Save the above lawmaking into the spi.py file or download it straight from GitHub. Try it out and come across for yourself that your new tree-based interpreter properly evaluates arithmetic expressions.

Here is a sample session:

            $ python spi.py spi>            7            +            3            *            (            10            /            (            12            /            (            three            +            1            )            -            1            ))            22            spi>            7            +            3            *            (            10            /            (            12            /            (            3            +            ane            )            -            1            ))            /            (            two            +            3            )            -            five            -            three            +            (            eight            )            10            spi>            7            +            (((            3            +            2            )))            12          


Today you've learned about parse trees, ASTs, how to construct ASTs and how to traverse them to interpret the input represented past those ASTs.
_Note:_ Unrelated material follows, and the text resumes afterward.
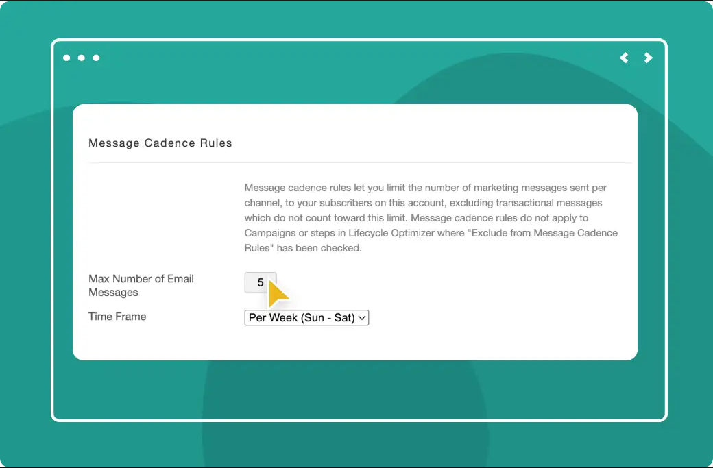 Exclude messages sent via campaigns, Lifecycle Optimizer (triggered flows), and API from following the Message Cadence rule(s) to ensure critical marketing messages reach their subscribers.

You've besides modified the parser and the interpreter and separate them apart. The electric current interface betwixt the lexer, parser, and the interpreter at present looks like this:

Yous can read that as "The parser gets tokens from the lexer and then returns the generated AST for the interpreter to traverse and translate the input."
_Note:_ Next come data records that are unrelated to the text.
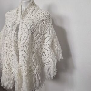 Off White Handmade Crochet Boho Bohemian Y2K Retro Fringe Shawl/Wrap One Size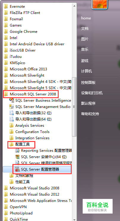 点击【开始】--【所有文件】--【Microsoft SQL Server 2008】--【配置工具】--【SQL Server 配置管理器】,如图所示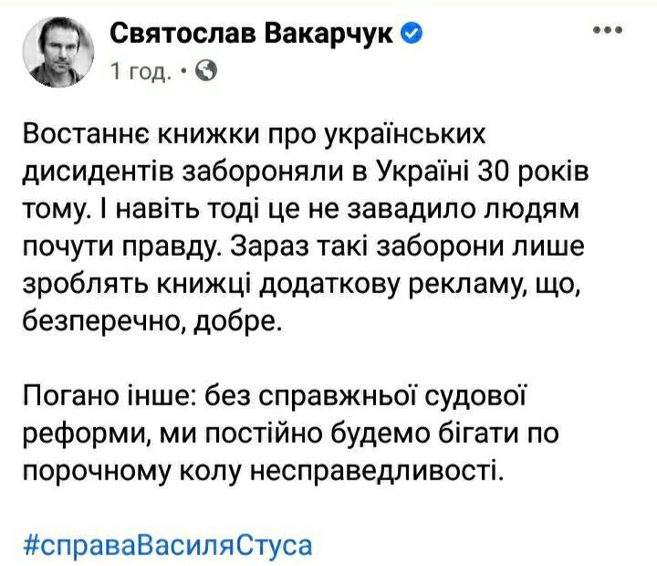 19 жовтня Дарницький районний суд Києва заборонив поширювати книгу про українського поета-дисидента Василя Стуса без дозволу депутата від партії Опозиційна платформа – За життя Віктора Медведчука.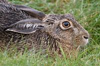 Europese haas ( Lepus europaeus ), close-up van een rustende haas, zeer gedetailleerd, fijne scherpte, wilde dieren, Europa.

That'south information technology for today, just before wrapping upward I'd like to talk briefly virtually recursive-descent parsers, namely just give them a definition considering I promised last time to talk about them in more detail. So here you become: a recursive-descent parser is a meridian-down parser that uses a set up of recursive procedures to process the input. Elevation-down reflects the fact that the parser begins by constructing the top node of the parse tree and then gradually constructs lower nodes.
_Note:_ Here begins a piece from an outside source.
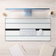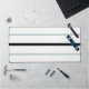 Este diseño deportivo y aerodinámico presenta una delgada franja central horizontal negra con pinstripes flotantes de pizarra delgada adyacentes contra un fondo blanco y nítido.

And now it'southward time for exercises :)

  • Write a translator (hint: node company) that takes as input an arithmetics expression and prints it out in postfix notation, too known every bit Reverse Polish Notation (RPN). For example, if the input to the translator is the expression (five + iii) * 12 / 3 than the output should be 5 3 + 12 * three /. See the respond hither but endeavor to solve it offset on your own.
  • Write a translator (node visitor) that takes as input an arithmetic expression and prints it out in LISP style annotation, that is 2 + iii would become (+ ii 3) and (ii + 3 * 5) would get (+ 2 (* three 5)). Y'all can find the respond here but once again attempt to solve it outset before looking at the provided solution.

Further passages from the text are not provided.